◆ TASK GOAL: Reproduce the entries word for word but drop every picture.

Records from a dataset

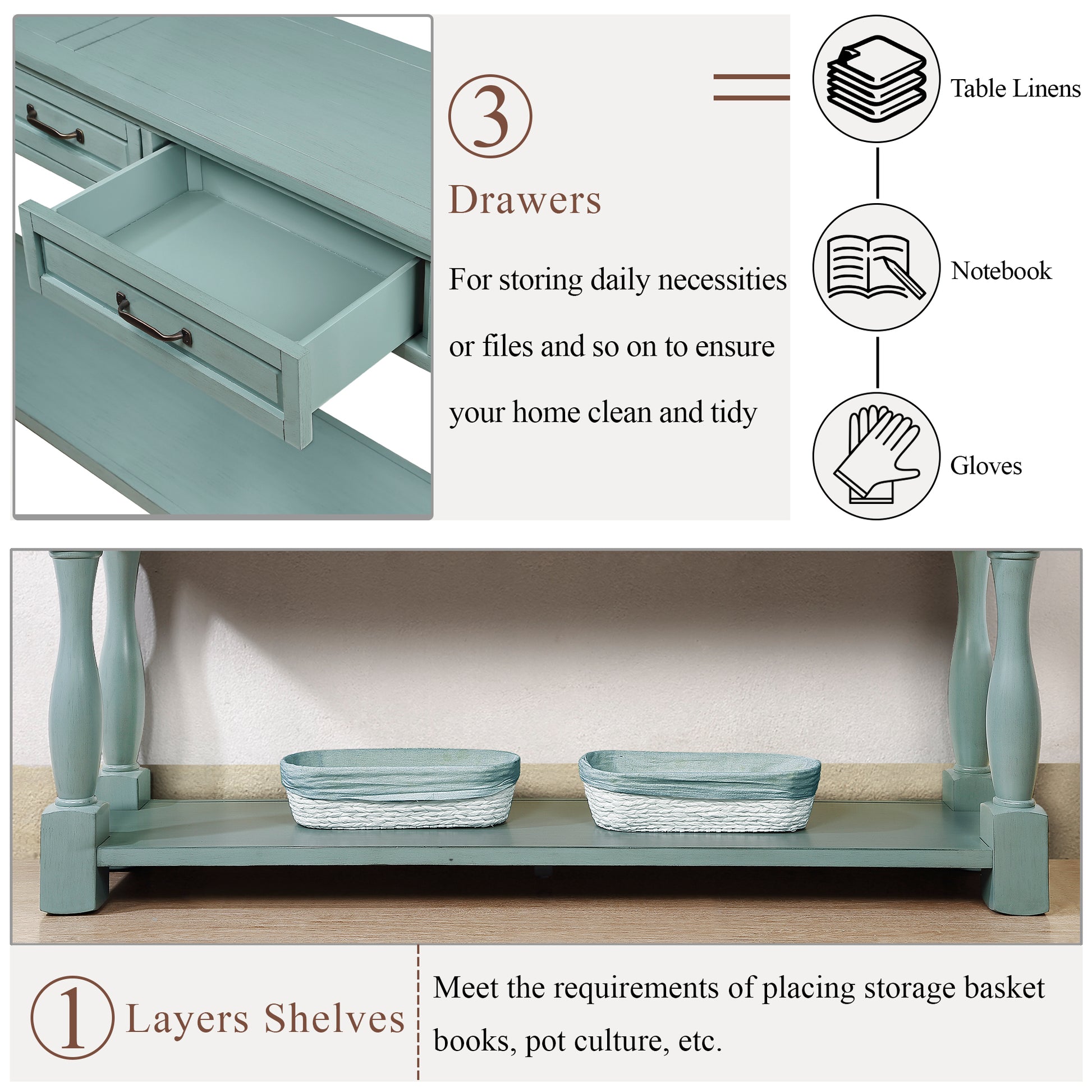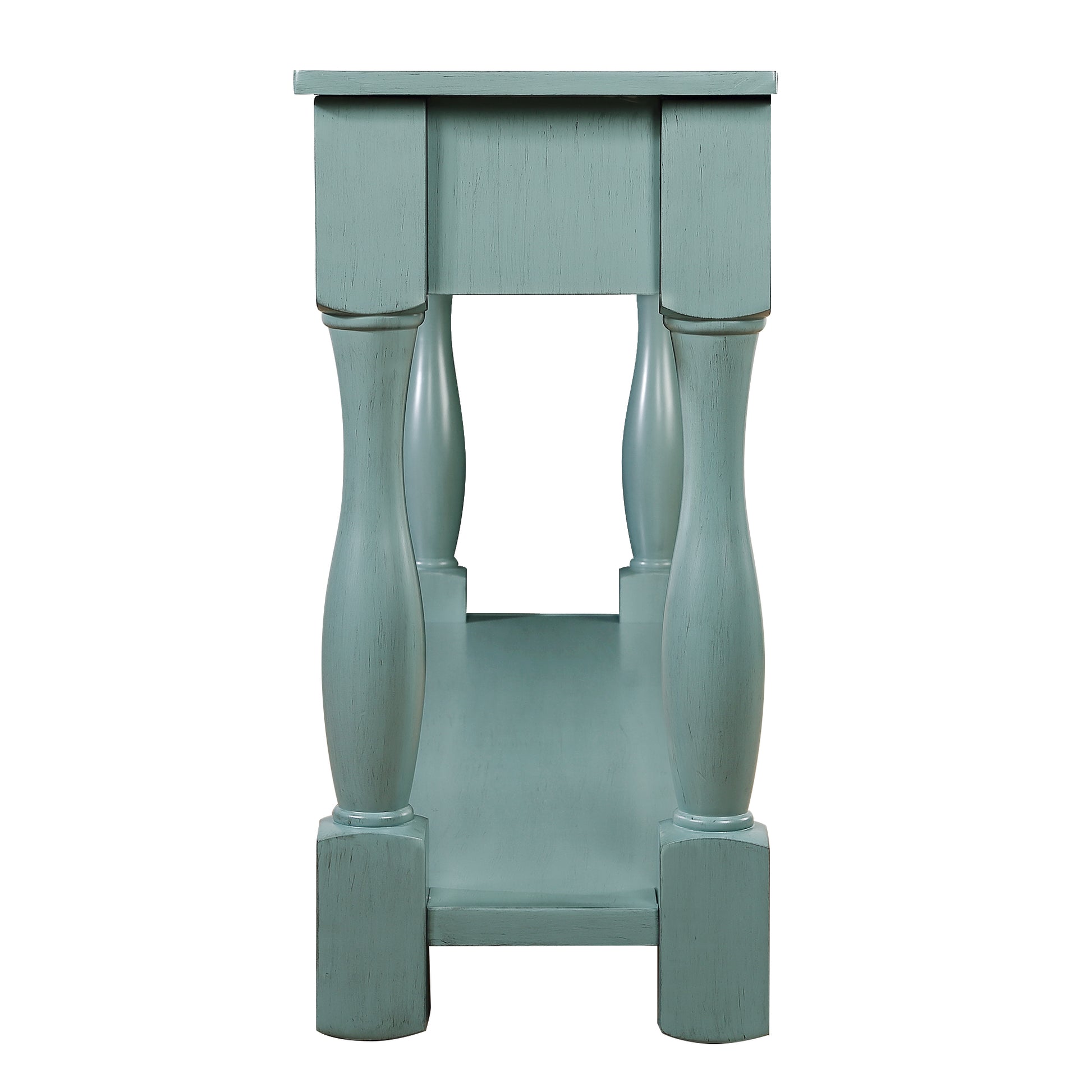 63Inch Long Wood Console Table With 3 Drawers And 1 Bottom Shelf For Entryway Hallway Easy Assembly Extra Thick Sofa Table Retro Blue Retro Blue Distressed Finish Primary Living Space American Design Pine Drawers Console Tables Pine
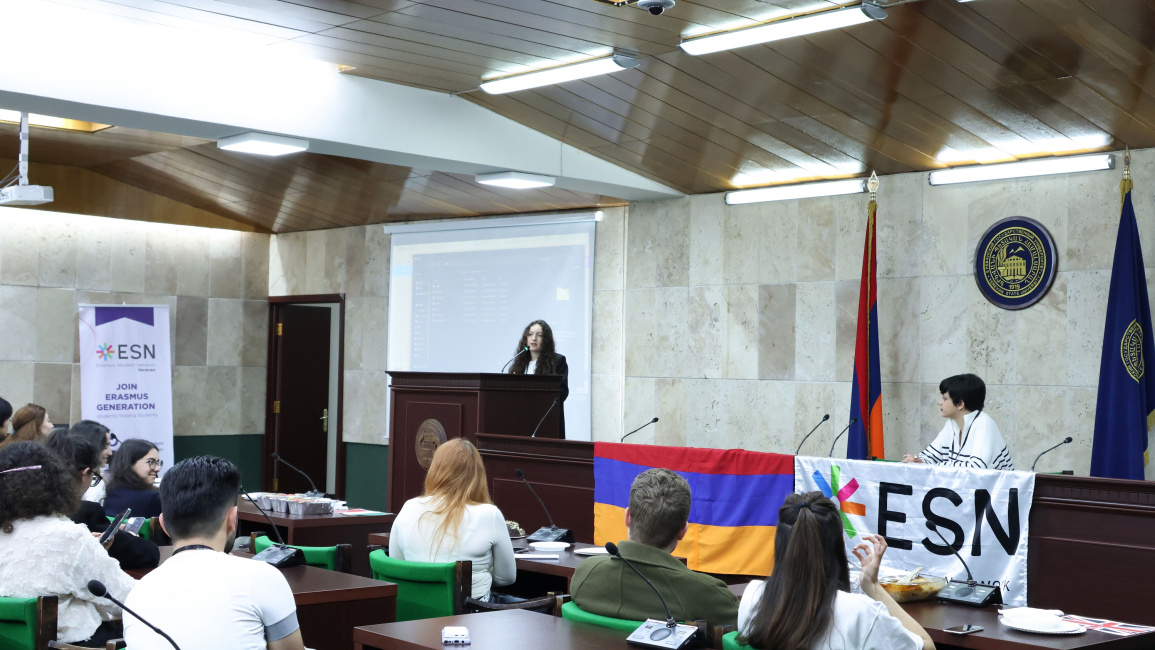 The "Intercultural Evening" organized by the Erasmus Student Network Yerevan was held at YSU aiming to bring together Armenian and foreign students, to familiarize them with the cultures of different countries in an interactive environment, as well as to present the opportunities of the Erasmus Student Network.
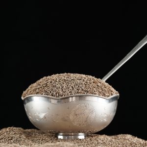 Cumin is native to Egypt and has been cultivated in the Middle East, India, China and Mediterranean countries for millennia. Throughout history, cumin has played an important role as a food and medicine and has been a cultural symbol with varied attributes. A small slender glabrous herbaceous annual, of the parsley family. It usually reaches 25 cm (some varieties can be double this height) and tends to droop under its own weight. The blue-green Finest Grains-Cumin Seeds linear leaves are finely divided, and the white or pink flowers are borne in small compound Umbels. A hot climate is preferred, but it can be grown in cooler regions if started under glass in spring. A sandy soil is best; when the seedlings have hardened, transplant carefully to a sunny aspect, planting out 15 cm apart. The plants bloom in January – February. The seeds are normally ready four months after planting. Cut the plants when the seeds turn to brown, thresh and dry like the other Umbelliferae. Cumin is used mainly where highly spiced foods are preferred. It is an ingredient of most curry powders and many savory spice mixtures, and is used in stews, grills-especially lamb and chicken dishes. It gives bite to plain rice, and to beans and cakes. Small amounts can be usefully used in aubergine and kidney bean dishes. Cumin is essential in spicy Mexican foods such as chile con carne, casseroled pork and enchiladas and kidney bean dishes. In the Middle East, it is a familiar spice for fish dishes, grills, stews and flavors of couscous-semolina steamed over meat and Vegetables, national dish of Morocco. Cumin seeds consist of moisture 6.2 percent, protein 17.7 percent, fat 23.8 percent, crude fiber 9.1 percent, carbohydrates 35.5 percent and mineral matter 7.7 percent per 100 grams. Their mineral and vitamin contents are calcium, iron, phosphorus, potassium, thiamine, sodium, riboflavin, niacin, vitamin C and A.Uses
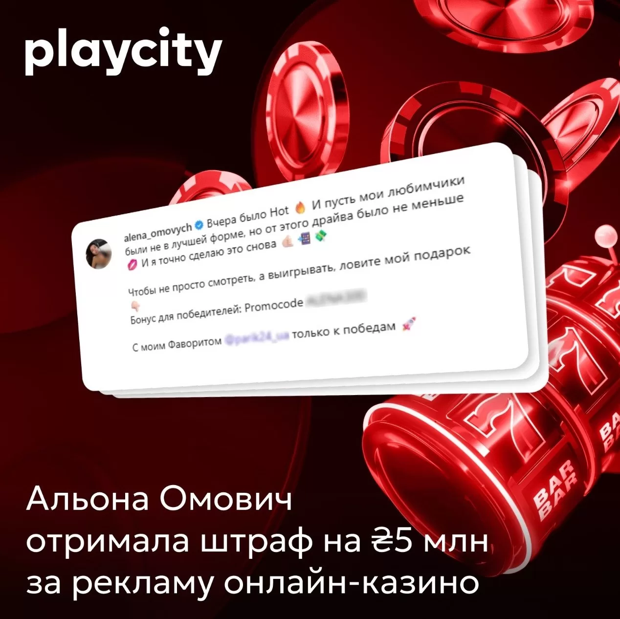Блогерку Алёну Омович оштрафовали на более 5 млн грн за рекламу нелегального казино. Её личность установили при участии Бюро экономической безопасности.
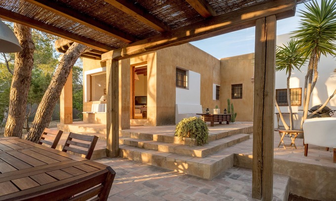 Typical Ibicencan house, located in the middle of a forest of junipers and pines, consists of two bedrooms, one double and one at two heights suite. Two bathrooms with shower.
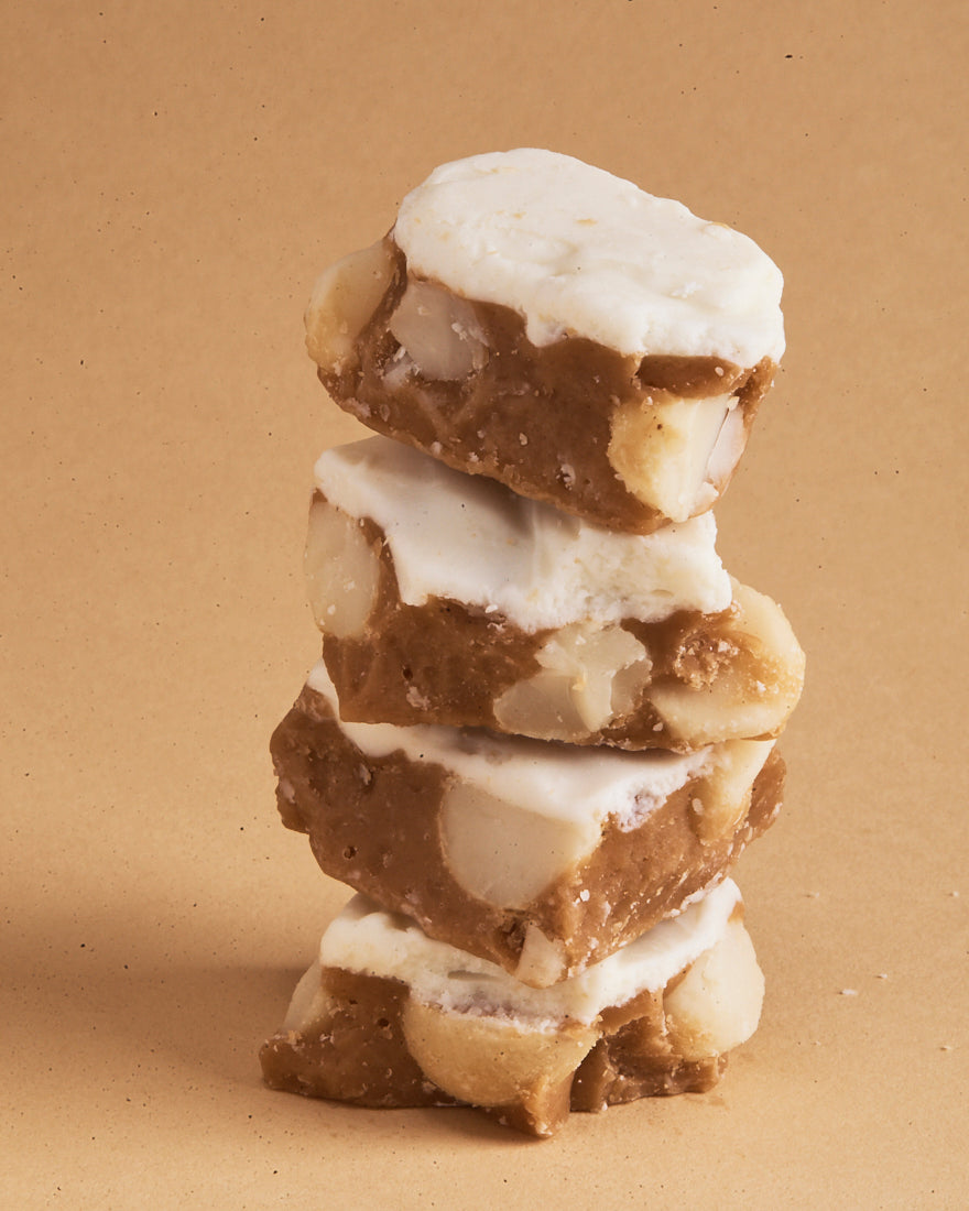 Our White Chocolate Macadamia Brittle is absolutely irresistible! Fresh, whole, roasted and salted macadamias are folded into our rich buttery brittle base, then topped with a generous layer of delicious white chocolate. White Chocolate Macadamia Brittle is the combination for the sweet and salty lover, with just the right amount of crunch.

◆ TASK SOLUTION:
 63Inch Long Wood Console Table With 3 Drawers And 1 Bottom Shelf For Entryway Hallway Easy Assembly Extra Thick Sofa Table Retro Blue Retro Blue Distressed Finish Primary Living Space American Design Pine Drawers Console Tables Pine
 The "Intercultural Evening" organized by the Erasmus Student Network Yerevan was held at YSU aiming to bring together Armenian and foreign students, to familiarize them with the cultures of different countries in an interactive environment, as well as to present the opportunities of the Erasmus Student Network.
 Cumin is native to Egypt and has been cultivated in the Middle East, India, China and Mediterranean countries for millennia. Throughout history, cumin has played an important role as a food and medicine and has been a cultural symbol with varied attributes. A small slender glabrous herbaceous annual, of the parsley family. It usually reaches 25 cm (some varieties can be double this height) and tends to droop under its own weight. The blue-green Finest Grains-Cumin Seeds linear leaves are finely divided, and the white or pink flowers are borne in small compound Umbels. A hot climate is preferred, but it can be grown in cooler regions if started under glass in spring. A sandy soil is best; when the seedlings have hardened, transplant carefully to a sunny aspect, planting out 15 cm apart. The plants bloom in January – February. The seeds are normally ready four months after planting. Cut the plants when the seeds turn to brown, thresh and dry like the other Umbelliferae. Cumin is used mainly where highly spiced foods are preferred. It is an ingredient of most curry powders and many savory spice mixtures, and is used in stews, grills-especially lamb and chicken dishes. It gives bite to plain rice, and to beans and cakes. Small amounts can be usefully used in aubergine and kidney bean dishes. Cumin is essential in spicy Mexican foods such as chile con carne, casseroled pork and enchiladas and kidney bean dishes. In the Middle East, it is a familiar spice for fish dishes, grills, stews and flavors of couscous-semolina steamed over meat and Vegetables, national dish of Morocco. Cumin seeds consist of moisture 6.2 percent, protein 17.7 percent, fat 23.8 percent, crude fiber 9.1 percent, carbohydrates 35.5 percent and mineral matter 7.7 percent per 100 grams. Their mineral and vitamin contents are calcium, iron, phosphorus, potassium, thiamine, sodium, riboflavin, niacin, vitamin C and A.Uses
Блогерку Алёну Омович оштрафовали на более 5 млн грн за рекламу нелегального казино. Её личность установили при участии Бюро экономической безопасности.
 Typical Ibicencan house, located in the middle of a forest of junipers and pines, consists of two bedrooms, one double and one at two heights suite. Two bathrooms with shower.
 Our White Chocolate Macadamia Brittle is absolutely irresistible! Fresh, whole, roasted and salted macadamias are folded into our rich buttery brittle base, then topped with a generous layer of delicious white chocolate. White Chocolate Macadamia Brittle is the combination for the sweet and salty lover, with just the right amount of crunch.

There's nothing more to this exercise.